GeoffWillis
GeoffWillis

Reputation: 123

RegEx processing with python

I am trying to learn python and do text analysis using NLTK at the same time.

I am using python to scrub text before text analysis.

Given the sentence: The target IP was: 127.1.1.100.

I want to tokenize it into:

["The", "target", "IP", "was", ":","127.1.1.100","."]

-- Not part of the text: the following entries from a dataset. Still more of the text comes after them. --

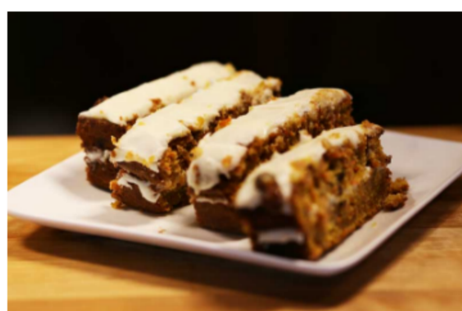
Gâteau aux carottes un dessert santé!
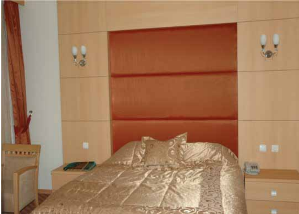
Vali Abdülkadir Aksu Vilayetler Evi standart oda görünümü

Hizmet Tanımı ve Birimi: Tesiste konaklama hizmeti verilmektedir.
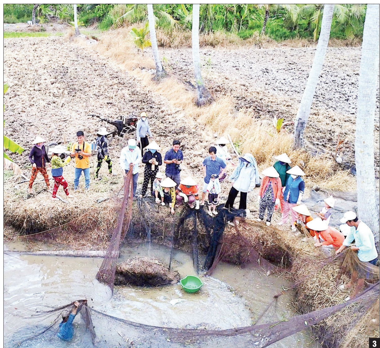
1-Thu hoạch cá đồng bằng hình thức chụp đĩa. 2-Gia chủ lựa cá đồng ngon nướng ngay tại ruộng để thịt dãi chòm xóm đến phụ giúp chụp đĩa. 3-Dùng lưới chụp đĩa ở vùng nông thôn xã Khánh Hải, huyện Trần Văn Thời, tỉnh Cà Mau.
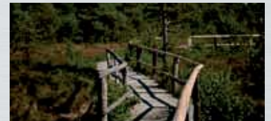
... sumpfige und unebene Gelände
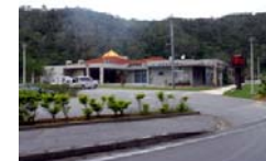
■ 東村立山と水の生活博物館
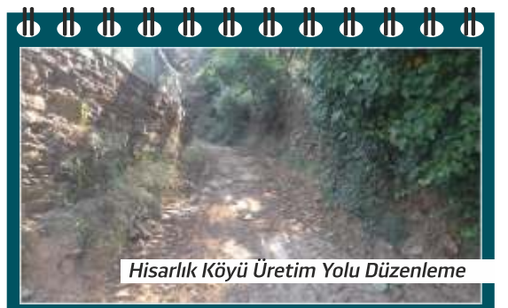
Hisarlık Köyü Üretim Yolu Düzenleme

It is important I retain all the punctuation so as to reconstruct the source doc, but I need leading/trailing punctuation separated so I can do text analysis on the individual words. I wrote the following python code which works fine, but seems kinda kludgy.

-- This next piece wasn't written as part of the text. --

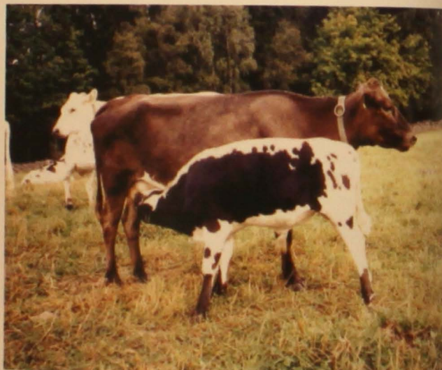
Månsken, f. 1999

punct = ['.', ',', ':', ';', '!', '[', ']', '(', ')', '{', '}']
def split_punctuation(sentence)-> list:
    sentwords = sentence.split(" ")
    for i, word in enumerate(sentwords):
        if word_ends_with_punct(word) and len(word) > 1:
            sentwords.pop(i)
            sentwords.insert(i, word[:-1])
            sentwords.insert(i+1, word[-1])
            word = word[:-1]
        if word_starts_with_punct(word) and len(word) > 1:
            sentwords.pop(i)
            sentwords.insert(i, word[0:1])
            sentwords.insert(i+1, word[1:])
            word = word[1:]
    return sentwords

def word_starts_with_punct(w)-> bool:
    for p in punct:
        if w.startswith(p):
            return True
    return False

def word_ends_with_punct(w)->bool:
    for p in punct:
        if w.endswith(p):
            return True
    return False

So looking on SO I found a regex that does what I want, kinda... RegEx by Wiktor Stribiżew

re.sub(r'[]!"$%&\'()*+,./:;=#@?[\\^_`{|}~-]+', r' \g<0> ', my_text).strip()

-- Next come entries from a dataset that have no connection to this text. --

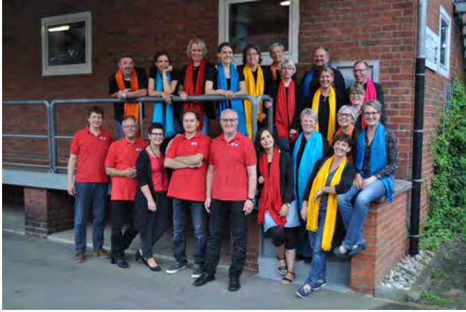
Der SpontanChor vor seinem Probenort, dem Kunsttreff Abbens

Andere Voraussetzungen? Freude am gemeinsamen Singen moderner christlicher Lieder.
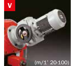
V Motovariatore Blade speed variator (m/1' 20-100)
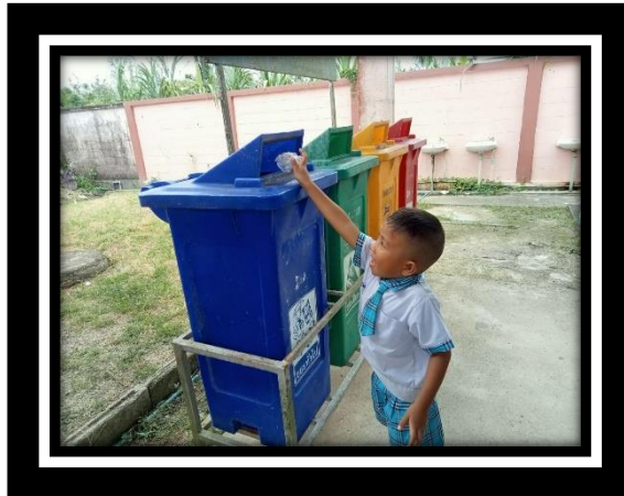
เด็กทิ้งขยะลงถังขยะได้ถูกต้องด้วยตนเอง
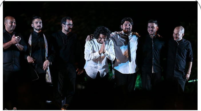
اجرای موسیقی سهراب پورناظری و آنتونیو ری
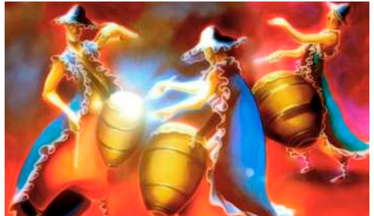
Cachila y los Tambores de Cuareim 1080 Llamada (diálogo de pianos) https://youtu.be/jui8BN_CRQQ
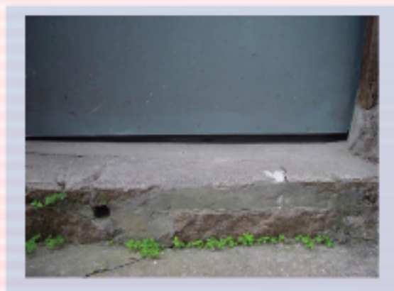
圖5.2超過6毫米的門腳離地空隙

老鼠可從門腳或間隔板/間隔牆離地的大空隙進入屋內。超過6毫米的空隙已可讓老鼠通過。
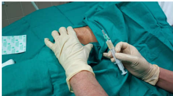
Figura 1: Vía antero-externa para infiltración de la rodilla.

Posteriormente se realizó una infiltración utilizando la vía antero externa sobre el fondo de saco de la articulación de la rodilla (Fig. 1). Esta maniobra se repitió en 2 ocasiones más, espaciadas entre 4 y 6 semanas.
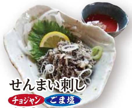
せんまい刺し チリヤン ごま塩 699円(税込768円)
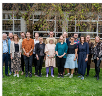
20 års jubilær
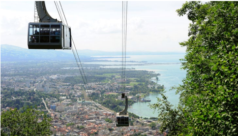
Pfänder. Der Berg am Bodensee (1064 m)

I was able to figure out what's going on, but in this form it separates ALL punctuation, even in the middle of words. For example, it converted todays date from: 6/28/2109 to "6 / 28 / 2019".

So I modified to use anchor tags at beginning/end but it seems I have to run it twice, once for beginning punctuation, and again for the end. Seems rather inefficient and was hoping somebody could show the the correct way to accomplish this. The below code is the regex version:

def sep_punct_by_regex(sent)->list :
    words = sent.split(" ")
    new_words = []
    for w in words:
        tmp1 = re.sub(r'^[]!"$/%&\'()*+,.:;=#@?[\\^_`{|}~-]+', r' \g<0> ', w).strip()
        tmp2 = re.sub(r'[]!"$/%&\'()*+,.:;=#@?[\\^_`{|}~-]+$', r' \g<0> ', tmp1).strip()
        t = tmp2.split(" ")
        for x in t:
            new_words.append(x)
    return new_words

Note the ^ in the tmp1, and $ in tmp2 This works as is, but the goal is to learn while building so how would I modify the RegEx for single pass? I tried the obvious (^) up front, and the $ at the end, but it doesn't work.

Upvotes: 1

Views: 82

Answers (1)

Wiktor Stribiżew
Wiktor Stribiżew

Reputation: 626747

You may use

re.findall(r'\b(?:25[0-5]|2[0-4][0-9]|1[0-9][0-9]|[1-9]?[0-9])(?:\.(?:25[0-5]|2[0-4][0-9]|1[0-9][0-9]|[1-9]?[0-9])){3}\b|[^\W_]+|(?:[^\w\s]|_)+', s)

See the regex demo

To remove the punctuation on both ends of a string and strip from whitespaces use

re.sub(r'^[\W_]+|[\W_]+$', '', s).strip()

So, it will look like

s = re.sub(r'^[\W_]+|[\W_]+$', '', s).strip()
oct = r'(?:25[0-5]|2[0-4][0-9]|1[0-9][0-9]|[1-9]?[0-9])'
return re.findall(r'\b{0}(?:\.{0}){{3}}\b|[^\W_]+|(?:[^\w\s]|_)+'.format(oct), s)

Details

  • \b(?:25[0-5]|2[0-4][0-9]|1[0-9][0-9]|[1-9]?[0-9])(?:\.(?:25[0-5]|2[0-4][0-9]|1[0-9][0-9]|[1-9]?[0-9])){3}\b - an IPv4 regex pattern
  • | - or
  • [^\W_]+ - one or more letters or digits
  • | - or
  • (?:[^\w\s]|_)+ - one or more chars other than word and whitespace chars or _.

Upvotes: 1

Related Questions